Александр Николаевич увез в этот день Наталию Аркадьевну за город к кому-то из знакомых «подышать воздухом», ничего о происходящем не подозревая. Ляля не застала их дома. Страшная была эта ночь. Ляля то бросалась на колени и громко, как самого близкого и всесильного друга, просила Бога, то выбивалась из сил, ложилась ничком на пол и рыдала.
Молитва ее не была принята и исполнена. И если б она тогда отвратилась от этого Бога, какому молилась, никакие силы земли и неба не могли бы ее осудить. В своем стремлении она была не одна: бесчисленные дети ее родины — и красные, и белые, и просто, как ее отец, не сознающие своей вины, — все эти русские люди переживали одно и то же. Кто их рассудит, кто утешит, кто примирит?
Утром Ляля бросилась на Лубянку, с трудом пробилась к Медведеву. На нем не было лица. Он мрачно посмотрел на девушку и сказал:
— Если хотите спасти отца и если вы говорили мне правду, немедленно поезжайте в Рославль и достаньте ту бумагу от рабочих. Немедленно!
Ляля прямо с Лубянки бросилась на вокзал Александровской, теперь Белорусской железной дороги. По пути она встретила знакомую женщину, которая взялась сходить к матери и рассказать о случившемся: терять нельзя было ни минуты.

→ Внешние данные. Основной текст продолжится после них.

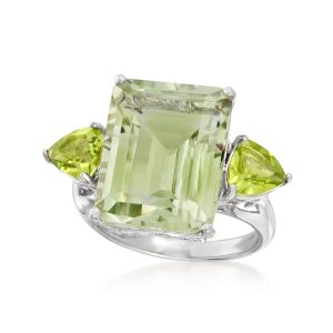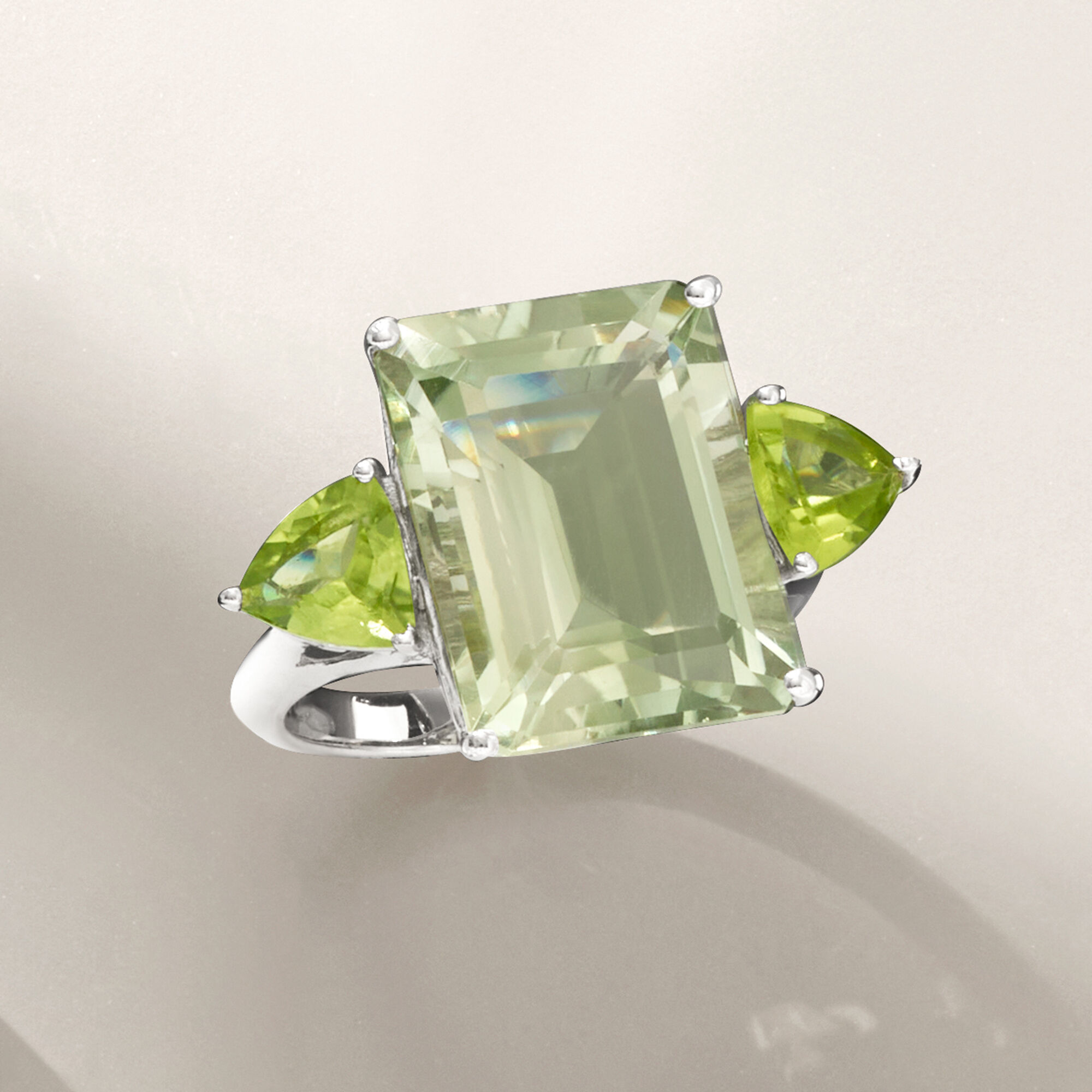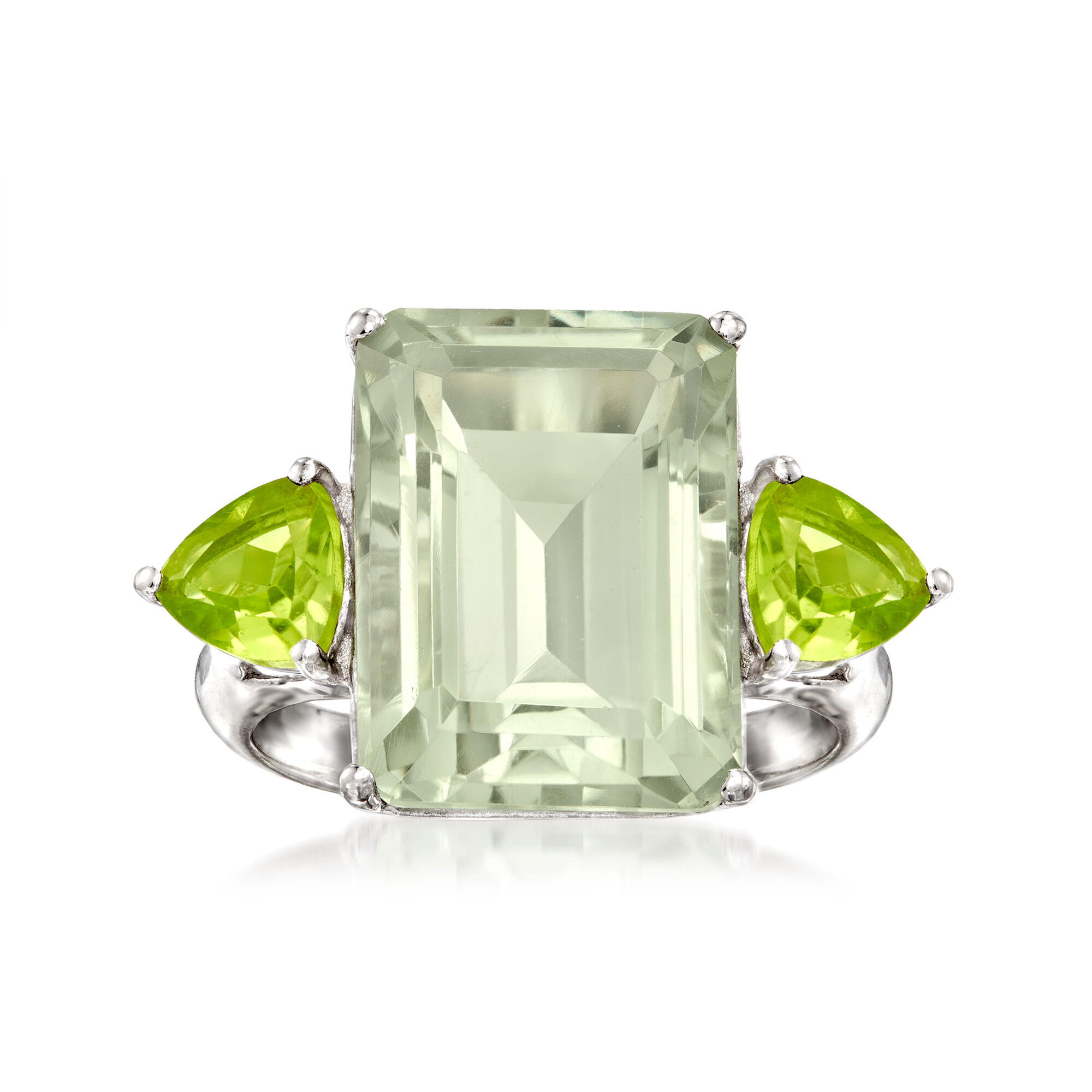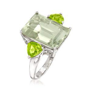 11.00 Carat Emerald-Cut Prasiolite and 1.40 ct. t.w. Peridot Ring in Sterling Silver
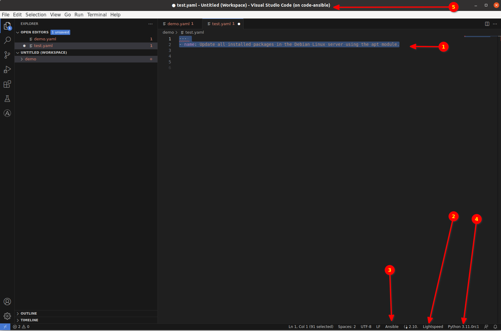 Go ahead and create a new project directory and workspace in VSCode. I made a new Ansible playbook named test.yaml as follows. Ensure you set the correct path to Python 3.11, Ansible-lint, and file type to Ansible. Otherwise, it won’t work, and it won’t give any error. When everything is set correctly, you will see the status bar as follows, and that is the only way to know if you are connected to a generative AI service:
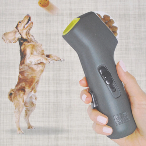 This pet food ejecting gun can eject food quite far so as to promote your dog's reaction capacity and physical ability. It is very easy to operate, you just need put food into the gun and push the trigger, then the food will ejected from the gun.
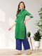 | The kurta features intricate embroidery on the placket and sleeves, which adds to the elegance of the outfit. The contrasting pants complement the kurta, creating a stylish look. The outfit is made of comfortable fabric, ensuring ease of movement while also making you look fashionable. Material: Art Silk Base Color : Green Color : Blue Care Instruction : Hand Wash Separately Sleeves : 3/4 Sleeves Neckline : Collared Neck Pattern : Embroidered Product Highlight : Festive Placket Embroidered Kurta With Contrasting Pants Disclaimer: The product color may vary from screen resolution of the device. |
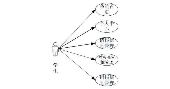 主要使用者为学生。具备有:系统首页、个人中心、请假信息管理、教务处审批管理、销假信息管理的功能。学生用例图如图3-1所示。
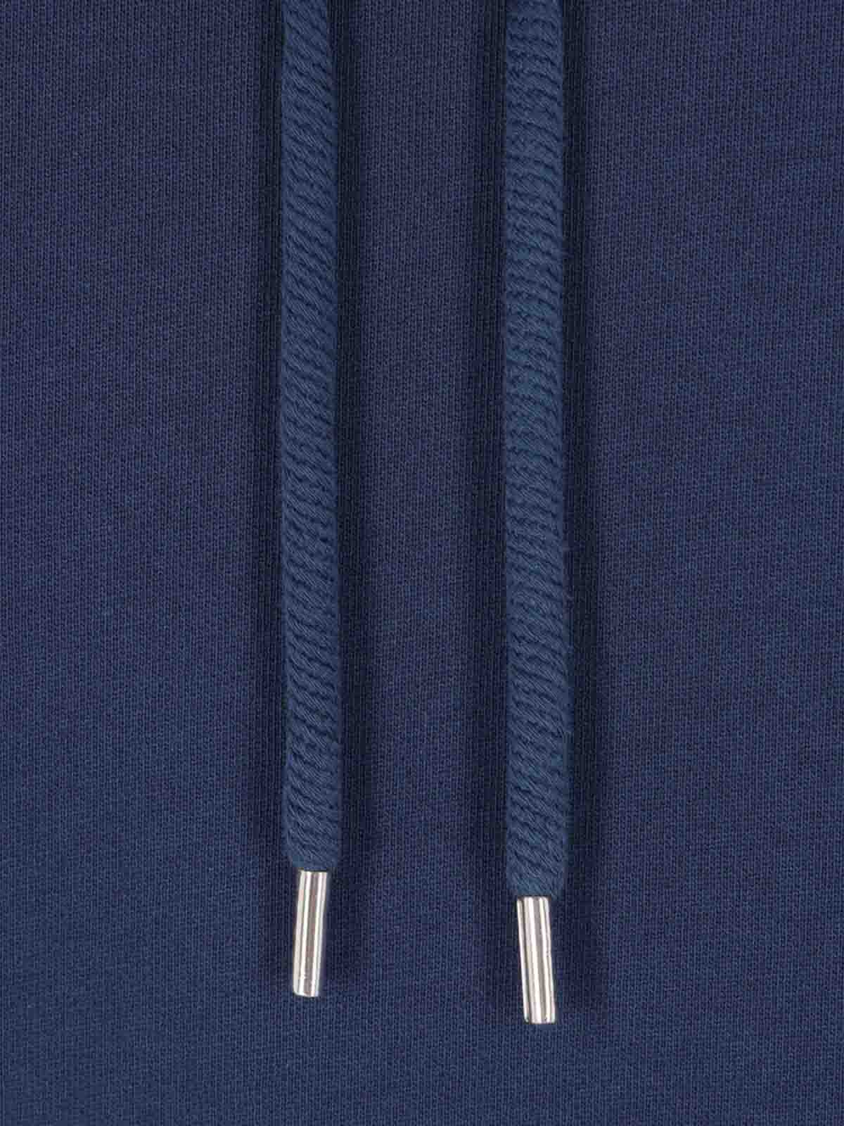Navy blue logo drawstring hood long sleeves ribbed cuffs construction

Поезда ходили тогда с задержками, без точного расписания, билетов не продавали — поезд был даровой, места брались с бою в прямом значении этого слова. Народ сутками спал на вокзале, живя ожиданьями и слухами, среди подсолнуховой шелухи, бумажек и плевков. В гуще галдящих, потных людей Ляля втиснулась в вагон. Всю ночь просидела она на чьем-то узле. На нее наталкивались, через нее шагали. На короткие минуты она забывалась. Так было и под утро: она открыла глаза от тоскливого толчка в сердце и увидала в окне над собой бледное светлеющее небо. Это было то самое небо, которое она видела из окна своей детской комнаты десять лет тому назад; она вспомнила свою тоску от зловещего гудка, сзывающего рабочих на очередную смену, свой ужас за них, за себя, за всю человеческую жизнь перед неминучестью. Она поняла, что это пришла черная минута возмездия — в эту минуту погибает ее ни в чем не повинный отец. И, странно, эта минута была для нее как избавление: она отбросила все мысли, потому что спасения уже не было. И она опустилась, как в могилу, в глубокий сон.